Box cakes usually use cake flour and are loaded with additional  emulsifiers, tenderizers, etc.  Nevertheless you can easily make a light  cake from scratch - if you start from the right recipe.


----------



## bakechef

Well even though this is an older thread, maybe this information can help.

There is a lesser known method referred to as "reverse creaming".  This process, instead of creaming the butter and sugar until fluffy, you combine the flour, sugar, leavening and salt together and add softened butter.  Then you add the milk, eggs and flavoring that have been mixed together.  This creates a soft texture more reminiscent of a box cake, but with better flavor.

The OP used what is called the 1234 cake.  The biggest mistake here is often the creaming is done improperly.  The butter and sugar should be creamed until very fluffy, up to 5 minutes.  What you are doing here is creating bubbles, without these bubbles, you are relying on just the leavening to create bubbles and you'll get a dense cake.  With that said, this will never be as soft and fluffy as a boxed cake.
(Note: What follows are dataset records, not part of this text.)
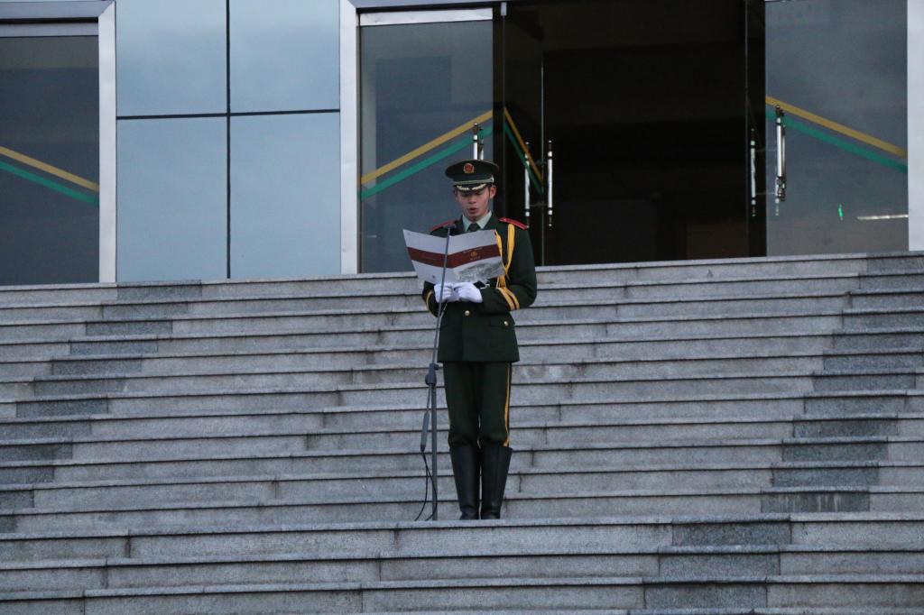首先,国旗护卫队队长齐昊为本次升旗仪式代表发言,他就缅怀历史,开拓未来发表演讲,强调中国富强需要青年一代的担当。鼓励同学们牢记历史,把无限的爱国情怀转化为不衰的动力,付诸于建设祖国的伟大实践中。演讲结束后,升旗仪式正式开始。在全体师生的注目下,英姿飒爽的国旗护卫队护送五星红旗进场。行礼完毕,伴随着庄严的国歌,五星红旗冉冉升起,全体师生肃立行注目礼,对祖国无限的热爱与自豪油然而生。
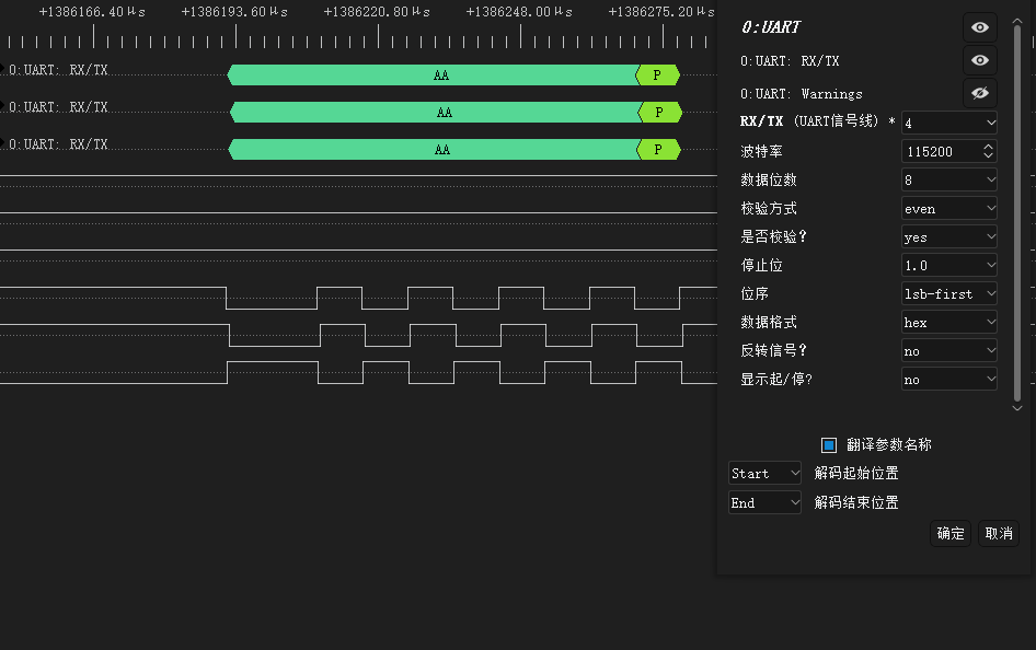 3、调试过程中用到了逻辑分析仪,DSView对数据位、校验位描述时与Renesas一致,也是分开描述
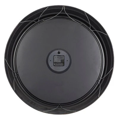 - This decorative round wall clock features a classic beveled-style clock frame and vintage themed wordings/illustration
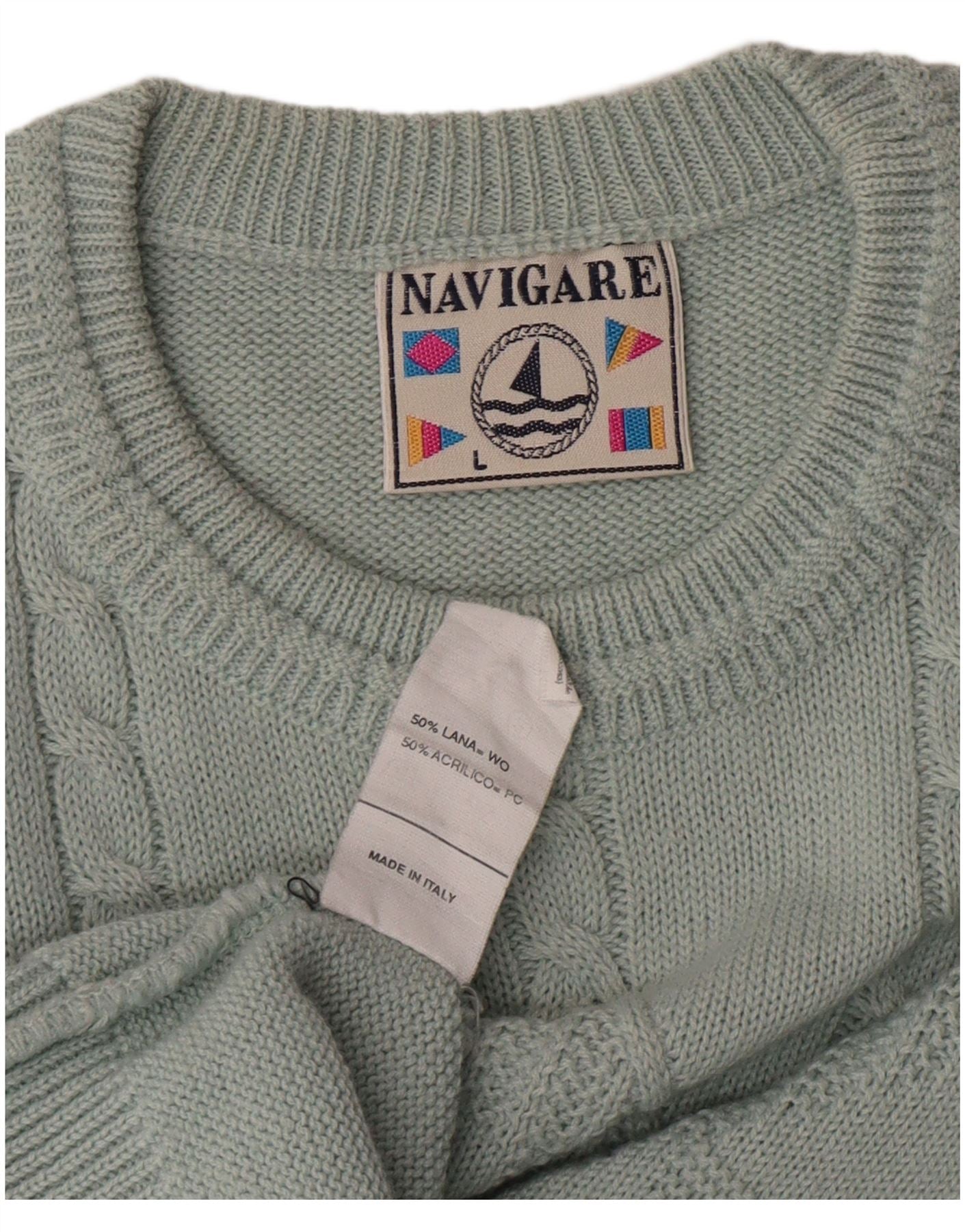 NAVIGARE Mens Crew Neck Jumper Sweater Large Green Argyle/Diamond Classic

My preferred method for vanilla (white or yellow), is the foam method.  I either whip the eggs by themselves for a solid 5 minutes with the kitchenaid, and add the sugar slowly creating what looks like a very soft whipped cream, or I whip the egg whites separately and fold in at the end.  These methods create a beautiful, light spongy texture, and doesn't rely on tons of butter for moistness.


----------